The strategic calculation underpinning these efforts is straightforward. Languages such as Yoruba, Hausa, and Igbo are spoken by tens of millions of people yet remain underrepresented in global AI systems. By prioritising them, countries preserve cultural identity while making AI more usable for local populations.
Awarri co-founder Silas Aizehi articulated the philosophy behind open-sourcing N-ATLAS. “We don’t want to be the only player,” he said. “Our goal is to build foundational tools that anyone, including developers, startups, and even governments, can build upon.”
Policy and Ecosystem Development
Nigeria’s AI strategy extends beyond model development. The AI Collective, a coalition of academia, civil society, and industry, coordinates ecosystem building. Lagos Business School leads research and education, the Centre for Justice and Legal Development focuses on civil society initiatives, and Data Science Nigeria supports startup and technical ecosystem development.

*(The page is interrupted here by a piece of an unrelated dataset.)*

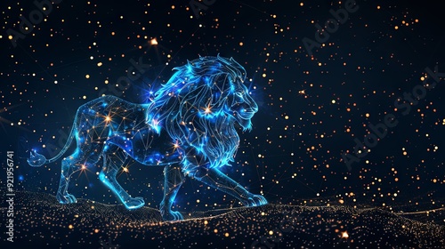 Fototapeta premium Digitally generated image of the Leo symbol with stars against a black background, representing zodiac signs, constellations, and horoscope themes.

Meta’s Llama Impact Grant programme awarded $20,000 each to five African startups in September 2025. Winners included Vambo AI from South Africa, which develops proprietary and open-source models for translation and transcription across over 60 African languages, and Radease from Nigeria, which uses WhatsApp-based AI tools to improve access to health information for patent and proprietary medicine vendors.
Investment is beginning to flow into supporting infrastructure. Nairobi’s IXAfrica campus entered a strategic partnership with Safaricom in 2025 to deliver AI-ready infrastructure, while Microsoft and Abu Dhabi-based G42 announced a commitment with the Kenyan government for data centre development.
Startups such as Yamify are building local cloud environments for African businesses that want to run automation and AI agents without hosting operations in the United States or Europe. Founded in December 2025 by Luc Okalobe and Mike Kabangu, the startup raised $100,000 in pre-seed funding and focuses on addressing latency and data sovereignty concerns for African businesses.
The Path Ahead
The trajectory of Africa’s AI ecosystem will depend on whether infrastructure development keeps pace with entrepreneurial ambition. Current compute costs, limited research funding, and brain drain remain significant constraints. African universities produce capable computer science graduates, but advanced AI specialisation requires resources that few institutions can provide.
Yet the shift from adoption to ownership is unmistakable. Joshua Firima, co-founder of KrosAI, framed the benchmark clearly: “When AI stops feeling foreign and starts feeling like home.” That transition requires not just models that understand local languages but infrastructure, policy support, and commercial ecosystems that can sustain long-term development.
The message from across the continent is consistent. Africa is not merely adopting AI but defining its own AI trajectory, with local entrepreneurs, governments, and institutions leading the effort. Whether that trajectory leads to global competitiveness or persistent dependence on external infrastructure will be determined by decisions made in the next few years.